#### DATA TO EXAMINE
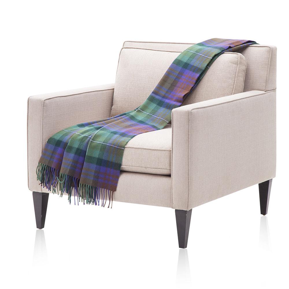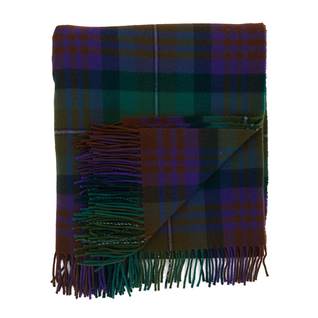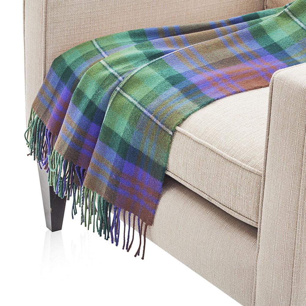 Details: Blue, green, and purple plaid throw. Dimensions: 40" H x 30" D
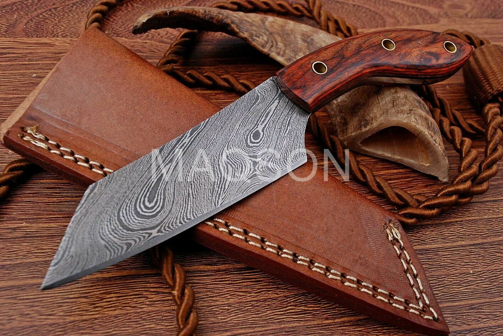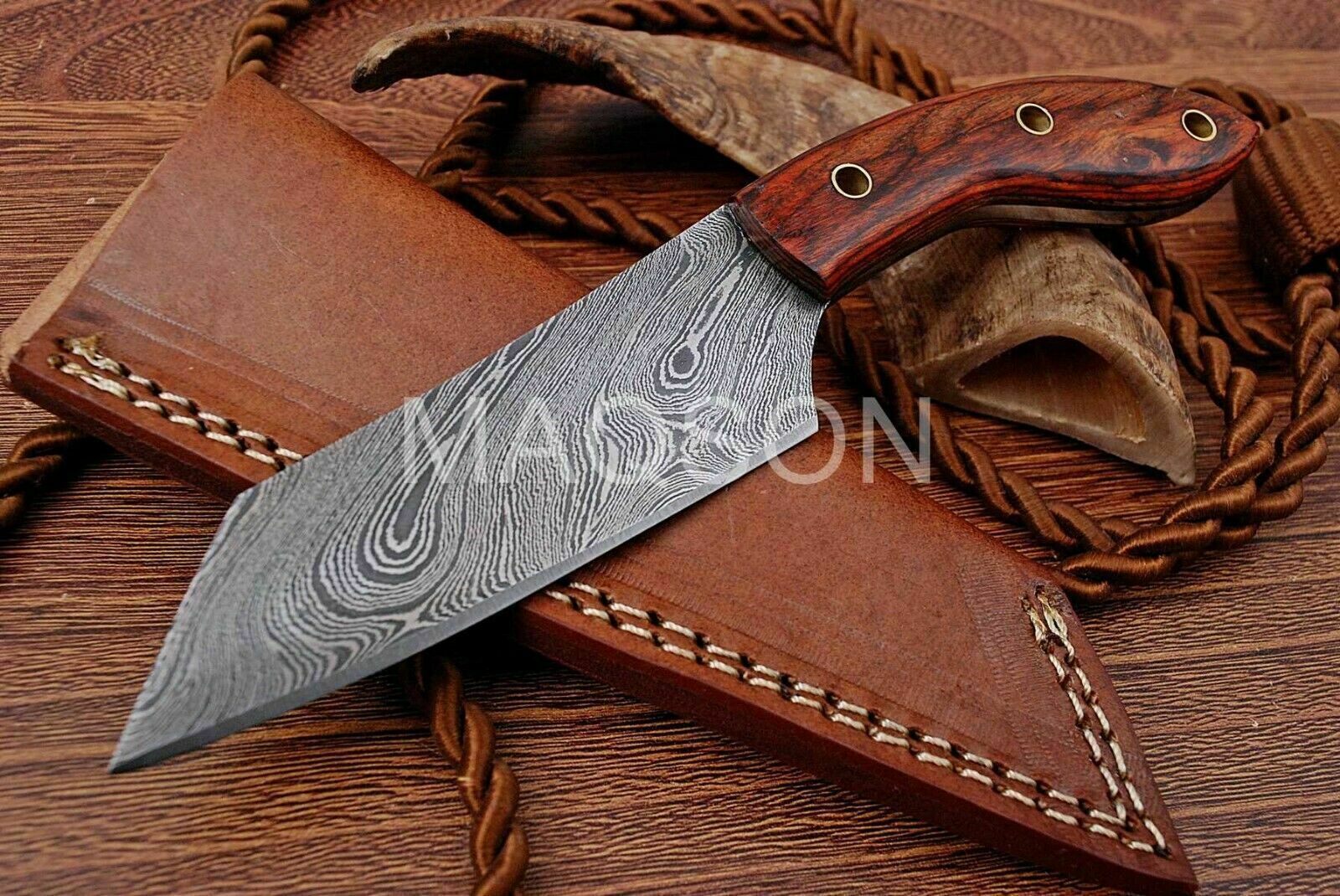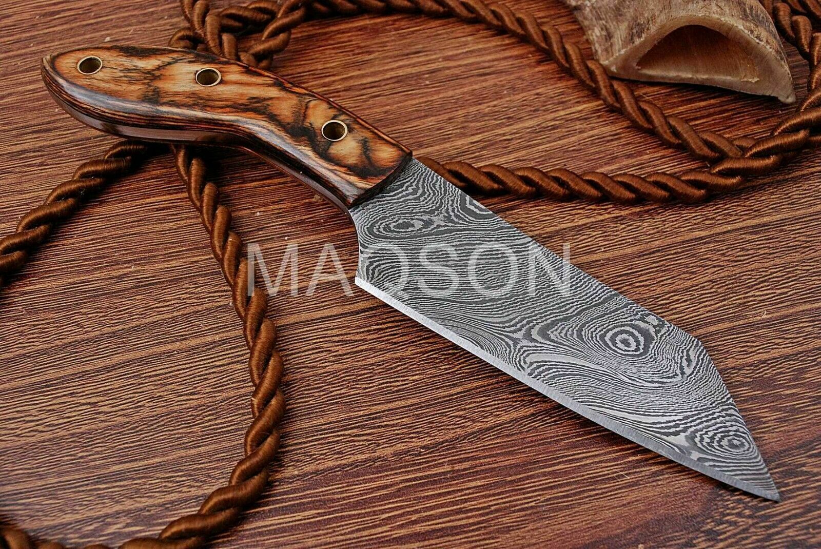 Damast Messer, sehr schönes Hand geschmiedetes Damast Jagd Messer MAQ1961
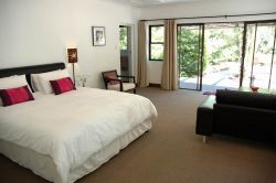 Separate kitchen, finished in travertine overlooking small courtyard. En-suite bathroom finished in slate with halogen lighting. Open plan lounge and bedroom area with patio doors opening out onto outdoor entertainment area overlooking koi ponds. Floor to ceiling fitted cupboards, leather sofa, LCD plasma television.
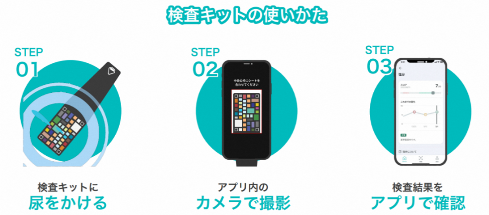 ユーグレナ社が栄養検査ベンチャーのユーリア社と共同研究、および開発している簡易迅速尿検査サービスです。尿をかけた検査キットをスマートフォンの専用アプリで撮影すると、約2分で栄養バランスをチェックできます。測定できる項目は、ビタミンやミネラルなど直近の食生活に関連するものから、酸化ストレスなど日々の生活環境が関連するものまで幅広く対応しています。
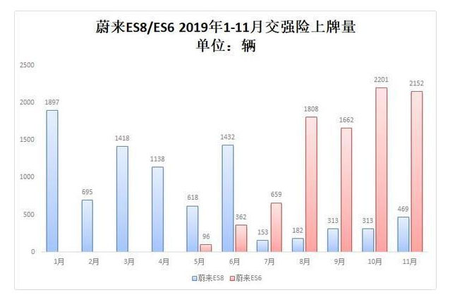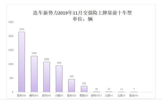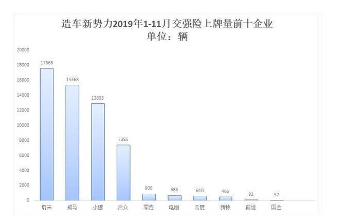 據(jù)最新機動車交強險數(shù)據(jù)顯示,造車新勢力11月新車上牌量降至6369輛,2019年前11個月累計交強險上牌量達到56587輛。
########
#### DATA TO EXAMINE
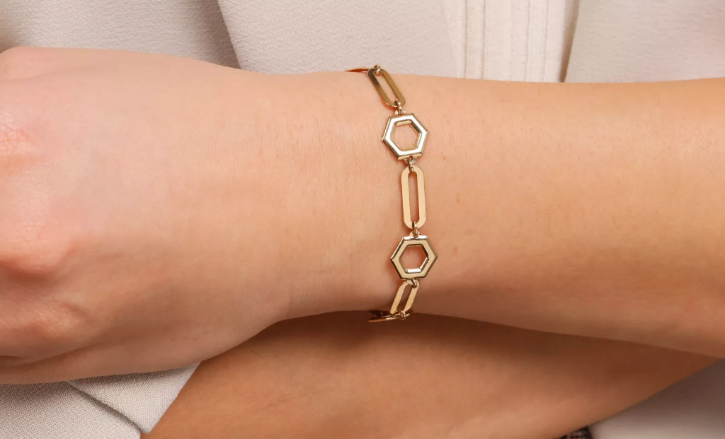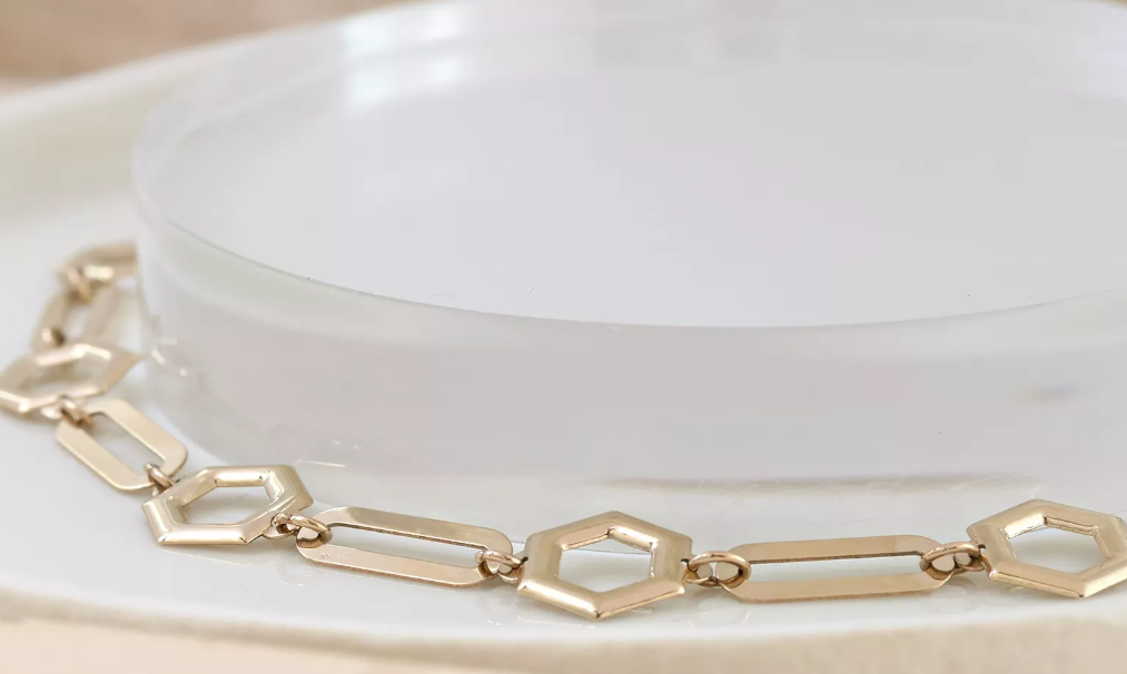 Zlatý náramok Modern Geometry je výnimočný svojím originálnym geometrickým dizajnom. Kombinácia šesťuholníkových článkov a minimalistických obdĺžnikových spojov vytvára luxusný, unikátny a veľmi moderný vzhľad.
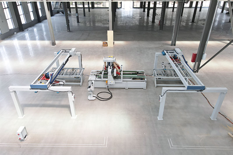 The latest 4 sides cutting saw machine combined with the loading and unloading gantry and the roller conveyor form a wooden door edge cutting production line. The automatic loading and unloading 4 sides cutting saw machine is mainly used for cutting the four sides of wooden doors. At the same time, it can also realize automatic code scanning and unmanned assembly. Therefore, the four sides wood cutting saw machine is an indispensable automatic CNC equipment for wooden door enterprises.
########
• _EXERCISE GOAL_:
Word for word, write out the lines above running from the one with "Details: Blue, green, and" up to and including the one with "據(jù)最新機動車交強險數". Drop any picture.

• _WRITTEN ANSWER_:
 Details: Blue, green, and purple plaid throw. Dimensions: 40" H x 30" D
 Damast Messer, sehr schönes Hand geschmiedetes Damast Jagd Messer MAQ1961
 Separate kitchen, finished in travertine overlooking small courtyard. En-suite bathroom finished in slate with halogen lighting. Open plan lounge and bedroom area with patio doors opening out onto outdoor entertainment area overlooking koi ponds. Floor to ceiling fitted cupboards, leather sofa, LCD plasma television.
 ユーグレナ社が栄養検査ベンチャーのユーリア社と共同研究、および開発している簡易迅速尿検査サービスです。尿をかけた検査キットをスマートフォンの専用アプリで撮影すると、約2分で栄養バランスをチェックできます。測定できる項目は、ビタミンやミネラルなど直近の食生活に関連するものから、酸化ストレスなど日々の生活環境が関連するものまで幅広く対応しています。
 據(jù)最新機動車交強險數(shù)據(jù)顯示,造車新勢力11月新車上牌量降至6369輛,2019年前11個月累計交強險上牌量達到56587輛。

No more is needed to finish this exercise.